Hey all,
I'm not convinced either epoch-aligned or data-aligned will fit all
possible use cases.
Both seem totally reasonable to me: data-aligned is useful for
example when
you know
that a large number of updates to a single key will occur in
short bursts,
and epoch-
aligned when you specifically want to get just a single update
per discrete
time
interval.
Going a step further, though, what if you want just a single
update per
calendar
month, or per year with accounting for leap years? Neither of
those are
serviced that
well by the existing Windows specification to windowed
aggregations, a
well-known
limitation of the current API. There is actually a KIP
<https://cwiki.apache.org/confluence/display/KAFKA/KIP-645%3A+Replace+Windows+with+a+proper+interface>
going
on in parallel to fix this
exact issue and make the windowing interface much more flexible.
Maybe
instead
of re-implementing this windowing interface in a similarly
limited fashion
for the
Distinct operator, we could leverage it here and get all the
benefits
coming with
KIP-645.
Specifically, I'm proposing to remove the TimeWindows/etc config
from the
DistinctParameters class, and move the distinct() method from the
KStream
interface
to the TimeWindowedKStream interface. Since it's semantically
similar to a
kind of
windowed aggregation, it makes sense to align it with the
existing windowing
framework, ie:
inputStream
.groupKyKey()
.windowedBy()
.distinct()
Then we could use data-aligned windows if SlidingWindows is
specified in
the
windowedBy(), and epoch-aligned (or some other kind of enumerable
window)
if a Windows is specified in windowedBy() (or an
EnumerableWindowDefinition
once KIP-645 is implemented to replace Windows).

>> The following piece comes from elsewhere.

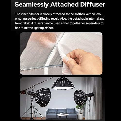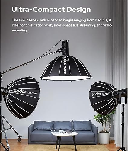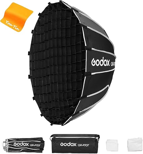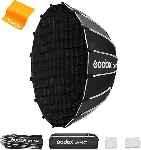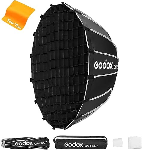 GODOX QR-P120T Softbox 120 cm, Parabolica a Sgancio Rapido Con Griglia, Profondità 56,7 cm per MS300-V SK400II QT400III QT600III SL60II e Studio Video Light

*SlidingWindows*: should forward a record once when it's first
seen, and
then not again
for any identical records that fall into the next N timeUnits. This
includes out-of-order
records, ie if you have a SlidingWindows of size 10s and process
records at
time
15s, 20s, 14s then you would just forward the one at 15s.
Presumably, if
you're
using SlidingWindows, you don't care about what falls into exact
time
boxes, you just
want to deduplicate. If you do care about exact time boxing then
you should
use...
*EnumerableWindowDefinition* (eg *TimeWindows*): should forward
only one
record
per enumerated time window. If you get a records at 15s, 20s,14s
where the
windows
are enumerated at [5,14], [15, 24], etc then you forward the
record at 15s
and also
the record at 14s
Just an idea: not sure if the impedance mismatch would throw
users off
since the
semantics of the distinct windows are slightly different than in the
aggregations.
But if we don't fit this into the existing windowed framework,
then we
shouldn't use
any existing Windows-type classes at all, imo. ie we should
create a new
DistinctWindows config class, similar to how stream-stream joins
get their
own
JoinWindows class
I also think that non-windowed deduplication could be useful, in
which case
we
would want to also have the distinct() operator on the KStream
interface.
One quick note regarding the naming: it seems like the Streams
DSL operators
are typically named as verbs rather than adjectives, for example.
#suppress
or
#aggregate. I get that there's some precedent for 'distinct'
specifically,
but
maybe something like 'deduplicate' would be more appropriate for
the Streams
API.
WDYT?
On Mon, Sep 14, 2020 at 10:04 AM Ivan Ponomarev
<iponoma...@mail.ru.invalid>
wrote:
Hi Matthias,
Thanks for your review! It made me think deeper, and indeed I
understood
that I was missing some important details.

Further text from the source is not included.